Gastrointestinal: Nausea, vomiting, and epigastric discomfort.
Hematologic: Leukopenia, pancytopenia

DRUG INTERACTIONS

1. CNS Depressants

The sedative effects of SOMA and other CNS depressants (e.g., alcohol, benzodiazepines, opioids, tricyclic antidepressants) may be additive. Therefore, caution should be exercised with patients who take more than one of these CNS depressants simultaneously. Concomitant use of SOMA and meprobamate, a metabolite of SOMA, is not recommended.

2. CYP2C19 Inhibitors and Inducers

Carisoprodol is metabolized in the liver by CYP2C19 to form meprobamate. Co-administration of CYP2C19 inhibitors, such as omeprazole or fluvoxamine, with SOMA could result in increased exposure of carisoprodol and decreased exposure of meprobamate. Co-administration of CYP2C19 inducers, such as rifampin or St. John’s Wort, with SOMA could result in decreased exposure of carisoprodol and increased exposure of meprobamate.
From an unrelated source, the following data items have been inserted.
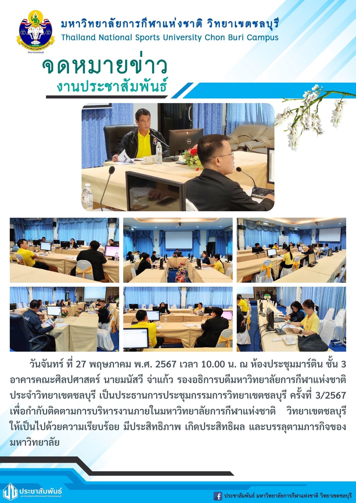 วันจันทร์ ที่ 27 พฤษภาคม พ.ศ. 2567 เวลา 10.00 น. ณ ห้องประชุมมาร์ติน ชั้น 3 อาคารคณะศิลปศาสตร์ นายมนัสวี จ่าแก้ว รองอธิการบดีมหาวิทยาลัยการกีฬาแห่งชาติ ประจำวิทยาเขตชลบุรี เป็นประธานการประชุมกรรมการวิทยาเขตชลบุรี ครั้งที่ 3/2567 เพื่อกำกับติดตามการบริหารงานภายในมหาวิทยาลัยการกีฬาแห่งชาติ วิทยาเขตชลบุรี ให้เป็นไปด้วยความเรียบร้อย มีประสิทธิภาพ เกิดประสิทธิผล และบรรลุตามภารกิจของมหาวิทยาลัย
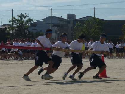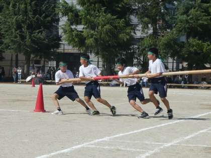 2年生の団体種目は台風の目です。長い棒を持って、コーンを2回転。クラスのメンバーが待つ場所まで走ったら、最初は脚の下を通して後ろ、次は頭の上を通して前へ。
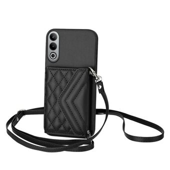Για OnePlus Nord CE4 / OPPO K12 5G Rhombic υφή κάρτα τσάντα RFID υπόθεση τηλεφώνου με μακρύ κορδόνι (Μαύρο)
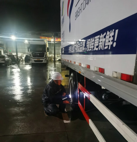 凌晨一点,在太陽城APP 旗下领鲜物流康桥物流中心,一辆辆冷链车整装待发,正准备着将新鲜出炉的太陽城APP 牛奶送往各地。由于受到台风影响,在极端恶劣天气下安全驾驶成为了重中之重,在太陽城APP 领鲜物流工作了二十几年的吕剑此刻正在做出发前最后的准备工作,他身穿雨衣,仔细地检查车辆的灯光、电路、雨刮器、玻璃水等设备。吕师傅说:“在这样恶劣的天气条件下,安全驾驶肯定是放首位的,一定会安全地将牛奶送到,保障好市民的牛奶需求。”
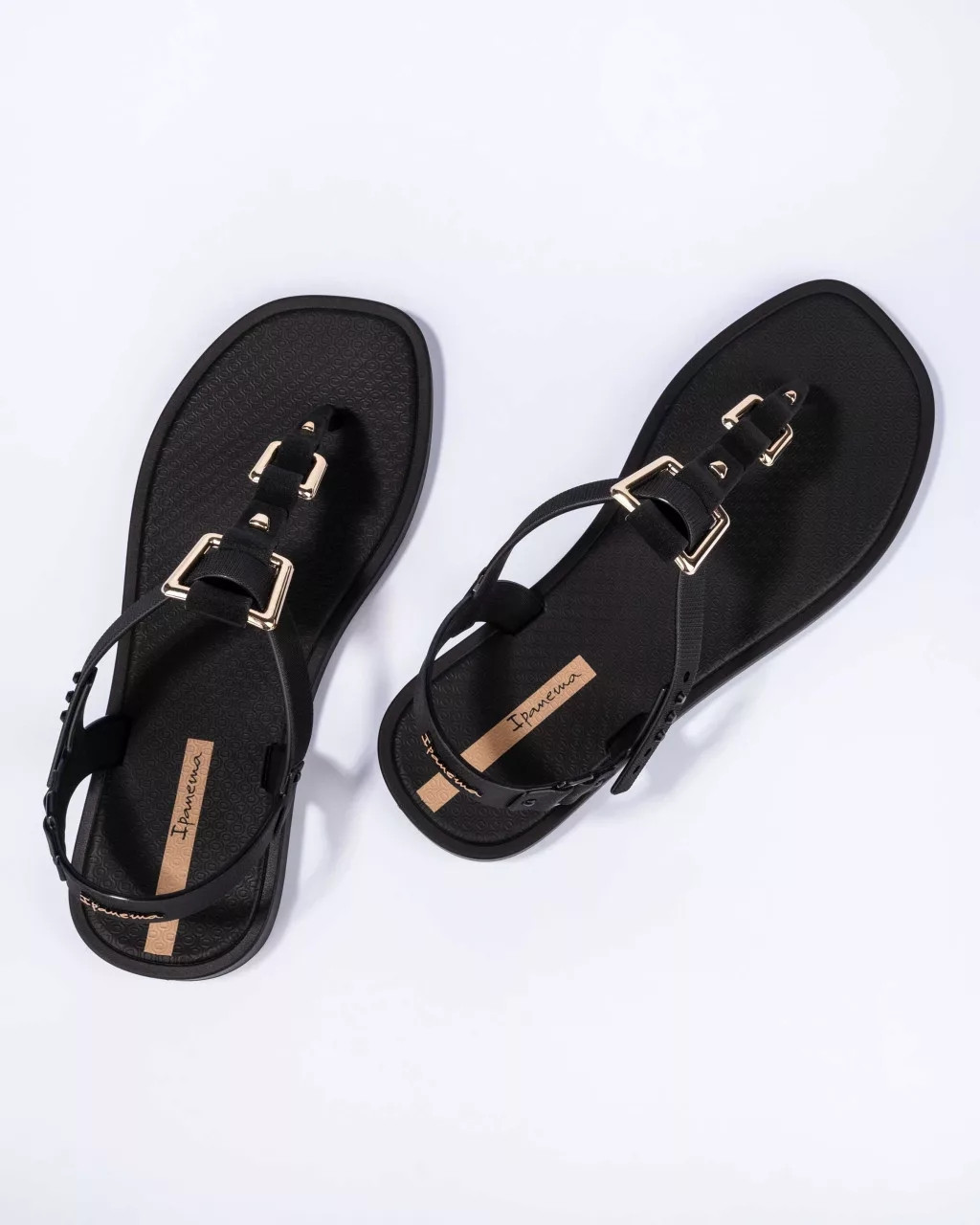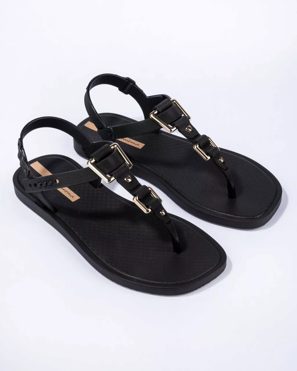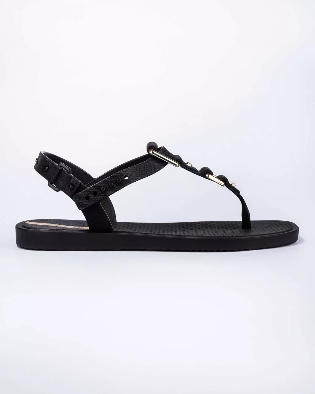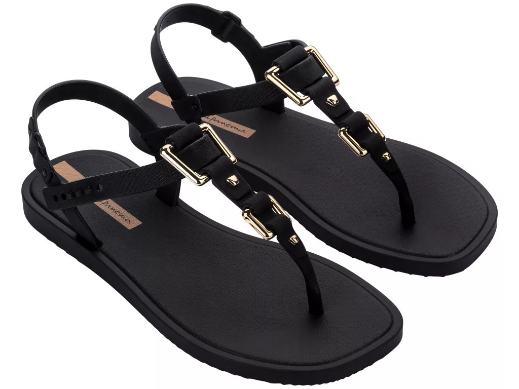 Ipanema könnyed kialakítású, tartós műanyag szandál fekete színben; kényelmes talpkialakítással; állítható pánttal; arany színű dekorációval; dombornyomott márkajelzéssel.
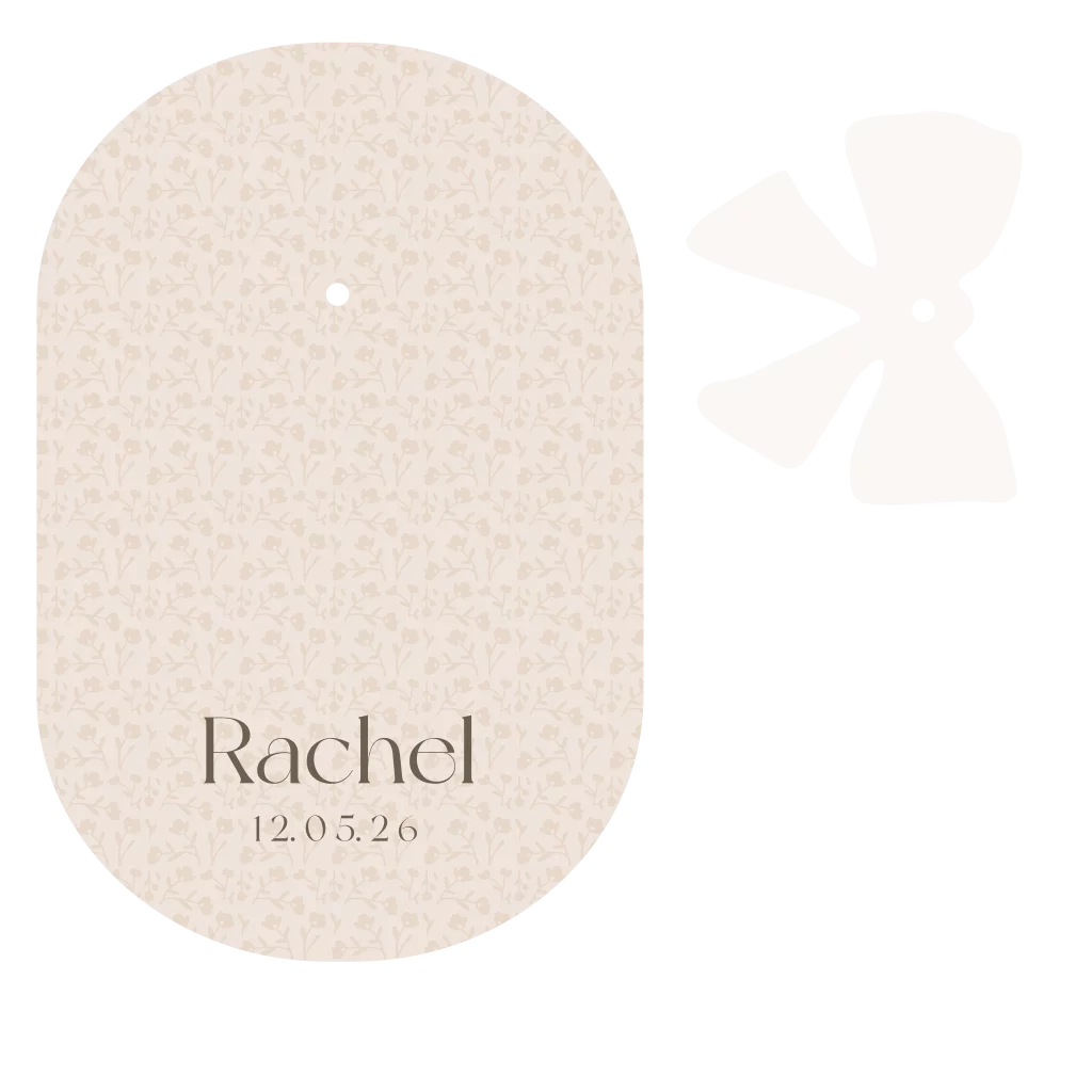 Een super leuk origineel geboortekaartje in een ovale vorm en een label in de vorm van een strik, die je kan bevestigen met een touwtje of een splitpen. ( Het lint of splitpen moet je er los bij bestellen ) Kleuren en tekst kunnen aangepast worden.

Low dose aspirin also showed an induction effect on CYP2C19. The full pharmacological impact of these potential alterations of exposures in terms of either efficacy or safety of SOMA is unknown.

USE IN SPECIFIC POPULATIONS

1. Pregnancy

Pregnancy Category C. There are no data on the use of SOMA during human pregnancy. Animal studies indicate that carisoprodol crosses the placenta and results in adverse effects on fetal growth and postnatal survival. The primary metabolite of carisoprodol, meprobamate, is an approved anxiolytic. Retrospective, post-marketing studies do not show a consistent association between maternal use of meprobamate and an increased risk for particular congenital malformations.

Teratogenic effects: Animal studies have not adequately evaluated the teratogenic effects of carisoprodol. There was no increase in the incidence of congenital malformations noted in reproductive studies in rats, rabbits, and mice treated with meprobamate. Retrospective, post-marketing studies of meprobamate during human pregnancy were equivocal for demonstrating an increased risk of congenital malformations following first trimester exposure. Across studies that indicated an increased risk, the types of malformations were inconsistent.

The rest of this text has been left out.